Australian banana grower benefiting from farming simplicity

While many growers are looking towards new high-tech innovations to improve their farming methods, a banana grower from North Queensland has benefited from the simplicity of a traditional cableway system.

Peter Inderbitzen, from Swiss Farms in Lakeland in North Queensland, told fellow growers that he got the idea from South America, where Australia's yearly volume is grown in a week. The cableway system runs between single rows of plants, and means that bunches are not touched from picking until they reach the packing shed.

"I thought, we'd better go over there and see what these farmers are doing," he said. "After coming back, it was a hard decision, because no-one here was really doing it, and nobody was in favour of it. We have different wages here; almost ten times the wages here compared to there, so they tend to have a few more people. This is not something that has to do with me and design - it is a system out of Colombia, and we have introduced it."

Initially a mechanic and dairy farmer, Mr Inderbitzen made the switch to banana growing 33 years ago. He says other advantages include that the cable is in close proximity and easily accessible for the pickers, and there is less damage in the field caused by tractors and machinery on wet days.

While the cableway, estimated to have cost around $2,000 per hectare, has largely benefited his business, he admits there are a few factors that other growers need to consider when introducing a similar system.
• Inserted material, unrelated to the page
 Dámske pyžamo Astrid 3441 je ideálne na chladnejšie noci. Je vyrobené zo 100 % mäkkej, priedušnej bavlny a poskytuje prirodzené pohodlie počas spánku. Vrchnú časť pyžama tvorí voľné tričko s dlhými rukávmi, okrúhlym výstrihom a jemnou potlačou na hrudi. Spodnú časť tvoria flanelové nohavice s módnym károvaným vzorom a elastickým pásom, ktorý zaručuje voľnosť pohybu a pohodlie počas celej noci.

"The disadvantage with the cableway is that you have to re-plant," Mr Inderbitzen said. "The cable goes in between a double row for protection, so you can bag on both sides, and it does not get destroyed by a tractor. But after you put this system in and do everything in a way that they were doing it over there, you don't ever need to re-plant. That got me enthusiastic. We've re-planted half of one farm, and we are continuing to do so as we need to re-plant. I have to say, to the detriment of others in the industry, we made some money when a major cyclone struck a few years ago. We reinvested that money to make things better on the farm. The option of knowing we don't have to plant so often, that's great too. We went to 1,800 plants to the hectare, but dropped back to 1,600."
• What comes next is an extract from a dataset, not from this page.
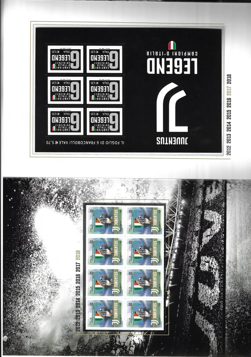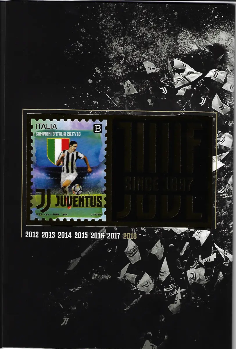 2018 Italien - THE BLACK AND WHITE STORIES JUVENTUS FOLDER 7 Minifogli dei briefolli Juventus champione di Italia 2012 2013 2014 2015 2016 2017 e 2018 + Folia d'oro

Another part of the business that has Mr Inderbitzen excited is his Next-Gen compost, which has been a key part of his farming over the past 15 years, helping him to revolutionise his farm, save water, save money and achieve better yields. Setting up Shark Recyclers at nearby Biboohra he only transports what he uses to the farm, and in return sends his banana waste and storks back for composting.
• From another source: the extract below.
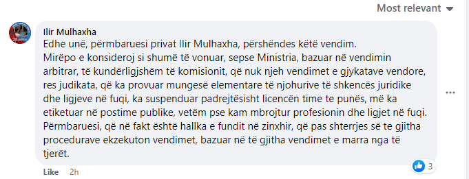 “Mirëpo e konsideroj si shumë të vonuar, sepse Ministria, bazuar në vendimin arbitrar, të kundërligjshëm të komisionit, që nuk njeh vendimet e gjykatave vendore, res judikata, që ka provuar mungesë elementare të njohurive të shkencës juridike dhe ligjeve në fuqi, ka suspenduar padrejtësisht licencën time te punës, më ka etiketuar në postime publike, vetëm pse kam mbrojtur profesionin dhe ligjet në fuqi. Përmbaruesi, që në fakt është hallka e fundit në zinxhir, që pas shterrjes së te gjitha procedurave ekzekuton vendimet, bazuar në të gjitha vendimet e marra nga të tjerët”, ka shkruar ai në një koment në facebook.

"Watering is critical otherwise it gets too dry," he said. "We make about 30,000 tonnes, and in every 100 tonne of compost, there's 1.6 tonne of nitrogen, 500kg of phosphorus and one tonne of potassium. The main input is the green waste from local council, and manures from surrounding areas. Landfill is not the answer, it costs a lot of money, and if we could work towards zero landfill that would be fantastic."

He adds that there are many environmental factors too, especially with both levels of government focusing on nutrient sediment runoff, pointing out that compost will go a long way to combating this problem.

"Compost in my opinion is a no-brainer," Mr Inderbitzen said. "We have increased our organic matter by 7.4 per cent; 1.6 per cent organic matter equals 1 per cent organic carbon. That means a rise of 4.8 per cent. Every one per cent rise in organic carbon on our land means an extra 140,000 litres of water. If you work that out, we are storing an extra 644,000 of water per hectare. That may not seem much at first, but it is substantial. The results are that we have reduced irrigation time from seven days to five days. So, the two important things are that we use 60 per cent less chemical fertiliser, and we have increased our yield. At the end of the day there is improved shelf-life, better tasting fruit, and a healthier banana to eat."